* Given information:
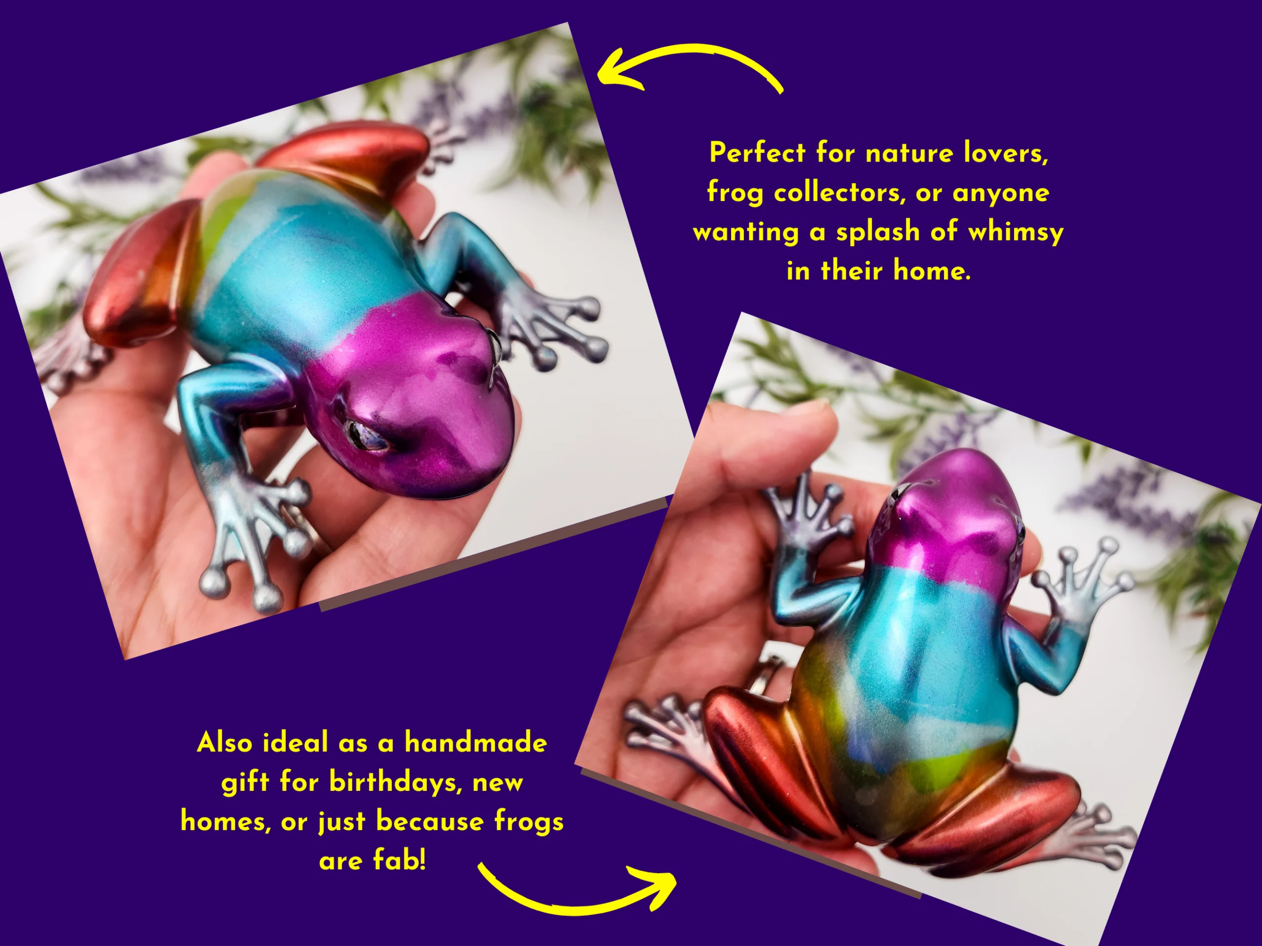 Say hello to the frog that turned up to life dipped in pure metallic sass. This handmade chrome rainbow frog shifts from magenta to aqua to gold like it’s auditioning for a fantasy film—and honestly, it would get the part. Smooth, shiny, and unapologetically fabulous, it’s perfect for collectors, colour lovers, or anyone whose home décor could use a little “hell yes”.
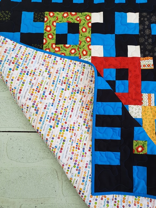 Backing was a piece from my stash, as was a suitable blue for the binding.
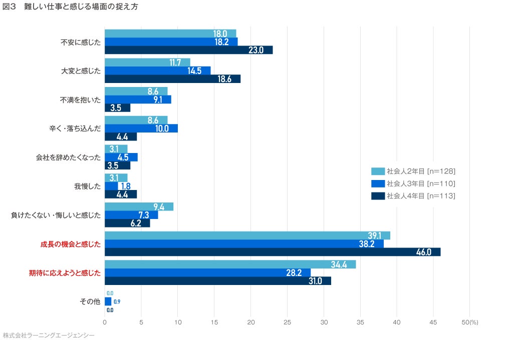 「成長の機会と感じた」が全ての年次で最も高い結果となり、社会人2年目は39.1%、社会人3年目は38.2%、社会人4年目では46.0%となりました。次に「期待に応えようと感じた」が入り、2年目34.4%、3年目28.2%、4年目31.0%と続きました。仕事が難しいと感じる場面では、ポジティブに捉える社員が多いことがわかります。(図3)

* Task to carry out:
Each line from the one that holds "Backing was a" through the final line of the data must be retyped exactly; the pictures must not appear.

* Answer to the exercise:
 Backing was a piece from my stash, as was a suitable blue for the binding.
 「成長の機会と感じた」が全ての年次で最も高い結果となり、社会人2年目は39.1%、社会人3年目は38.2%、社会人4年目では46.0%となりました。次に「期待に応えようと感じた」が入り、2年目34.4%、3年目28.2%、4年目31.0%と続きました。仕事が難しいと感じる場面では、ポジティブに捉える社員が多いことがわかります。(図3)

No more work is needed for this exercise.